» **Available data**
========

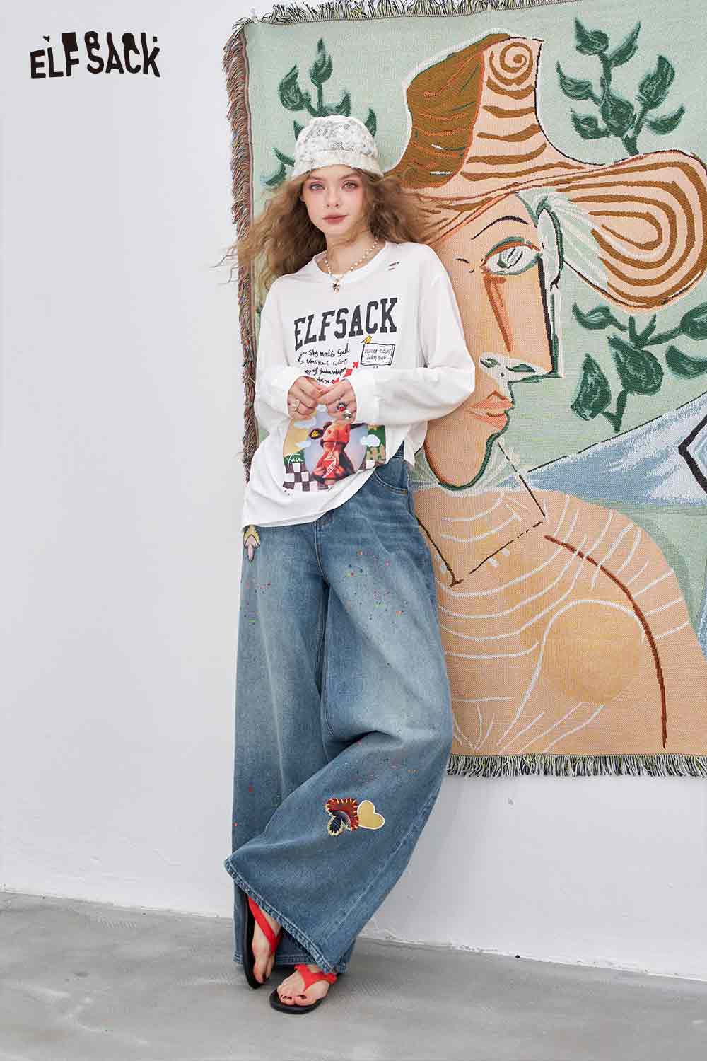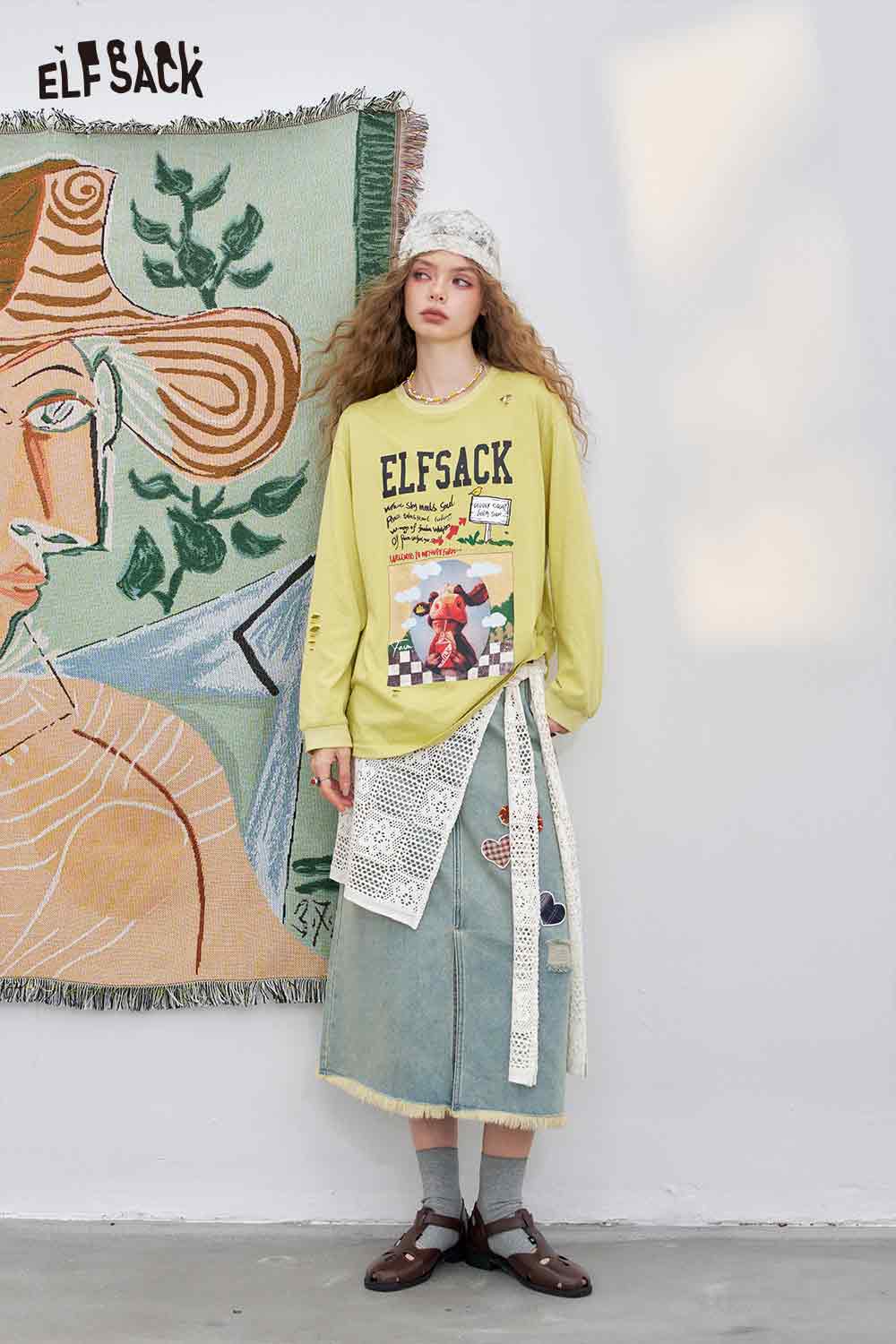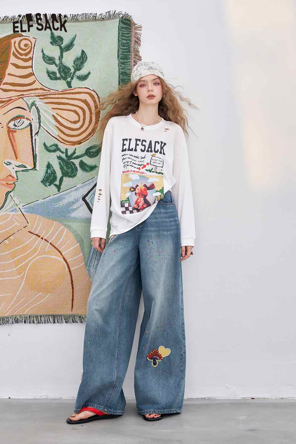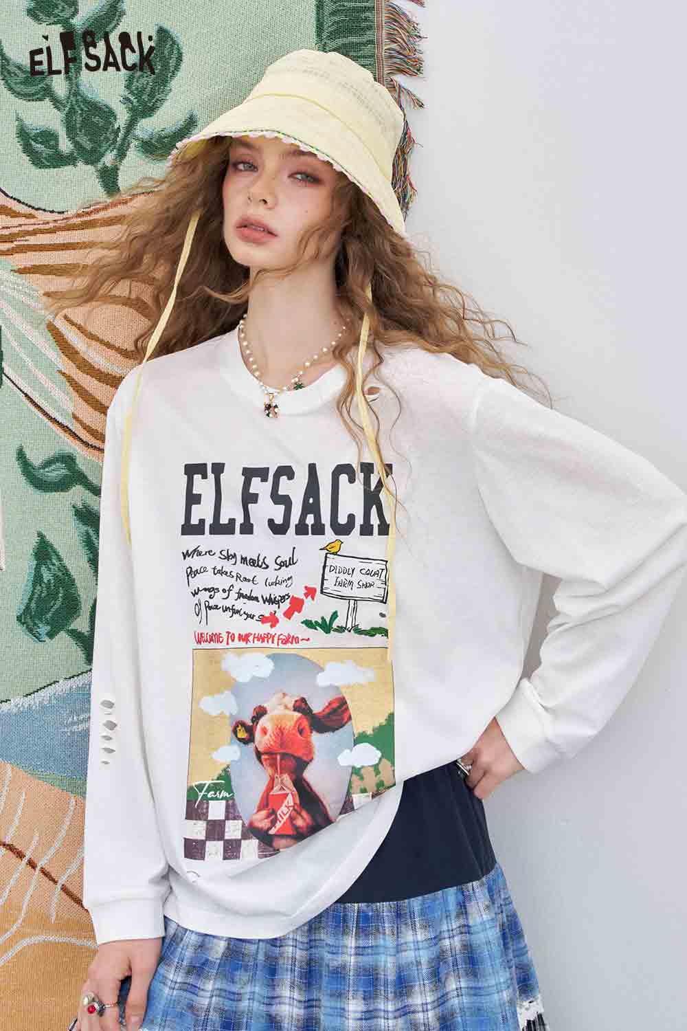 Cotton-Blend Loose Cow Printed Long-Sleeved T-Shirt
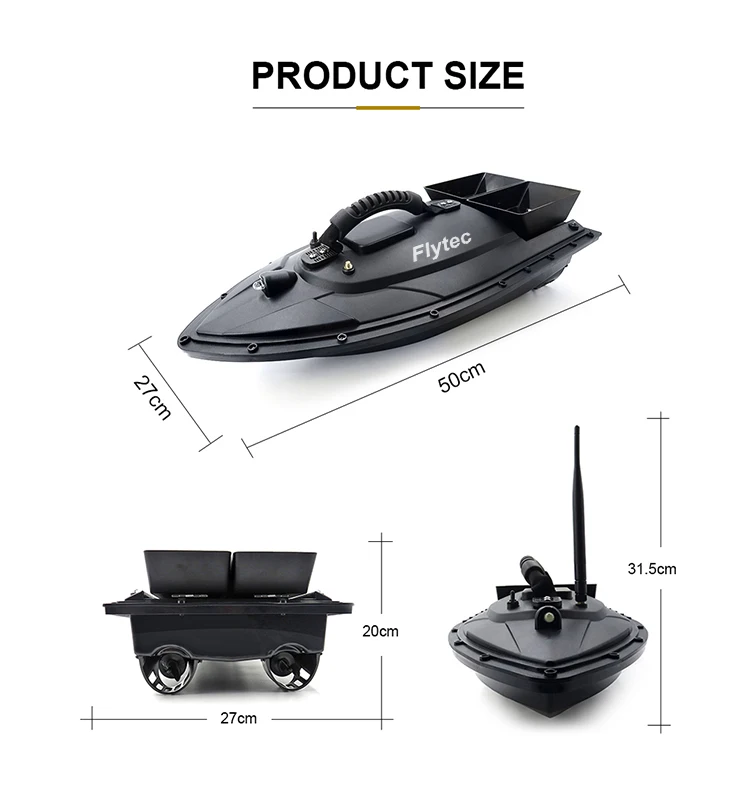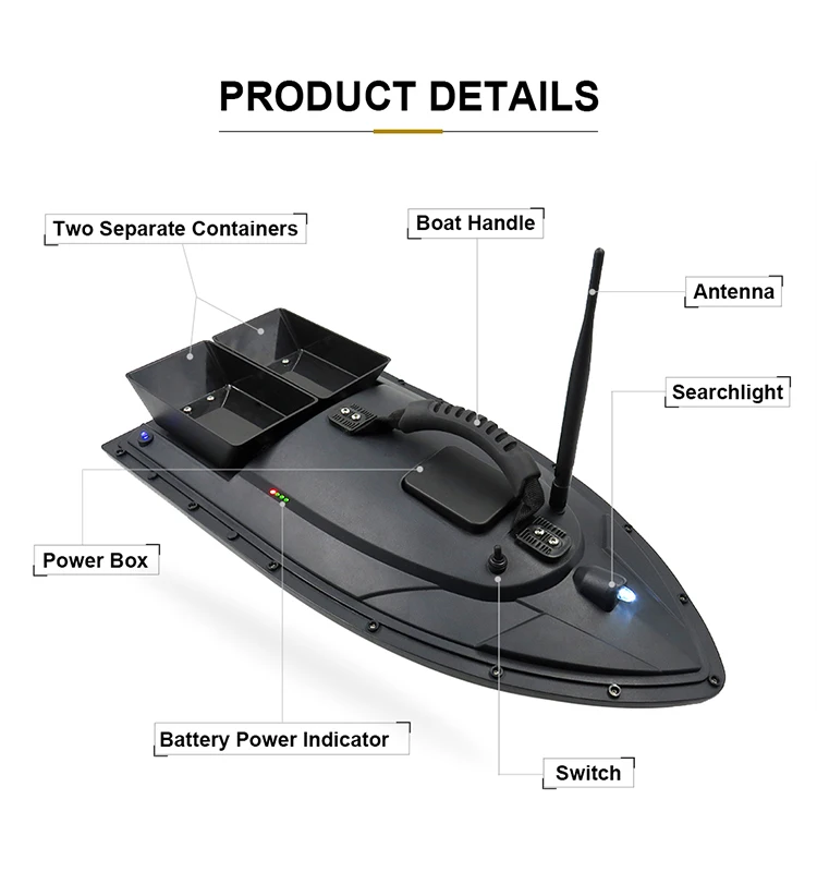 Функции: движение вперед/назад, поворот влево/вправо, купание.Корпус лодки: высококачественный материал ABS для литья под давлением, более стабильный и прочный, который может противостоять сильному ветру и волнам, отличному внешнему виду, тонкому мастерству и качеству.Двойные двигатели: огромная загрузка двух отдельных баков приманки, которые можно контролировать отдельно.Супер большая емкость приманки внутренний бак: Вес-1,5 кг.Дистанция дистанционного управления: 500 м без помех, сигнал более стабильный в чистой среде.Литиевый аккумулятор высокой емкости: который помещается в середину корпуса лодки и более стабильный, может заряжаться более быстро и мощнее.
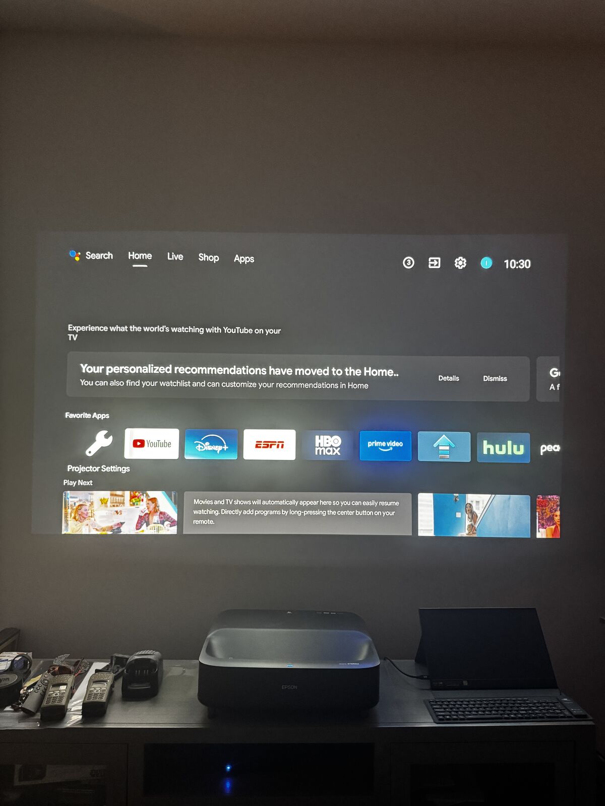 VenmoGreat condition ultra short throw Epson projector. Bought on Amazon ~6 months ago, about 120 hours of use. Selling because I no longer am using it since I got a different setup. Great HD projector for the price, especially since it has a speaker system and Android TV built in.

========

» **About this exercise**
Except for the pictures, write the data out exactly.

» **Response box**
 Cotton-Blend Loose Cow Printed Long-Sleeved T-Shirt
 Функции: движение вперед/назад, поворот влево/вправо, купание.Корпус лодки: высококачественный материал ABS для литья под давлением, более стабильный и прочный, который может противостоять сильному ветру и волнам, отличному внешнему виду, тонкому мастерству и качеству.Двойные двигатели: огромная загрузка двух отдельных баков приманки, которые можно контролировать отдельно.Супер большая емкость приманки внутренний бак: Вес-1,5 кг.Дистанция дистанционного управления: 500 м без помех, сигнал более стабильный в чистой среде.Литиевый аккумулятор высокой емкости: который помещается в середину корпуса лодки и более стабильный, может заряжаться более быстро и мощнее.
 VenmoGreat condition ultra short throw Epson projector. Bought on Amazon ~6 months ago, about 120 hours of use. Selling because I no longer am using it since I got a different setup. Great HD projector for the price, especially since it has a speaker system and Android TV built in.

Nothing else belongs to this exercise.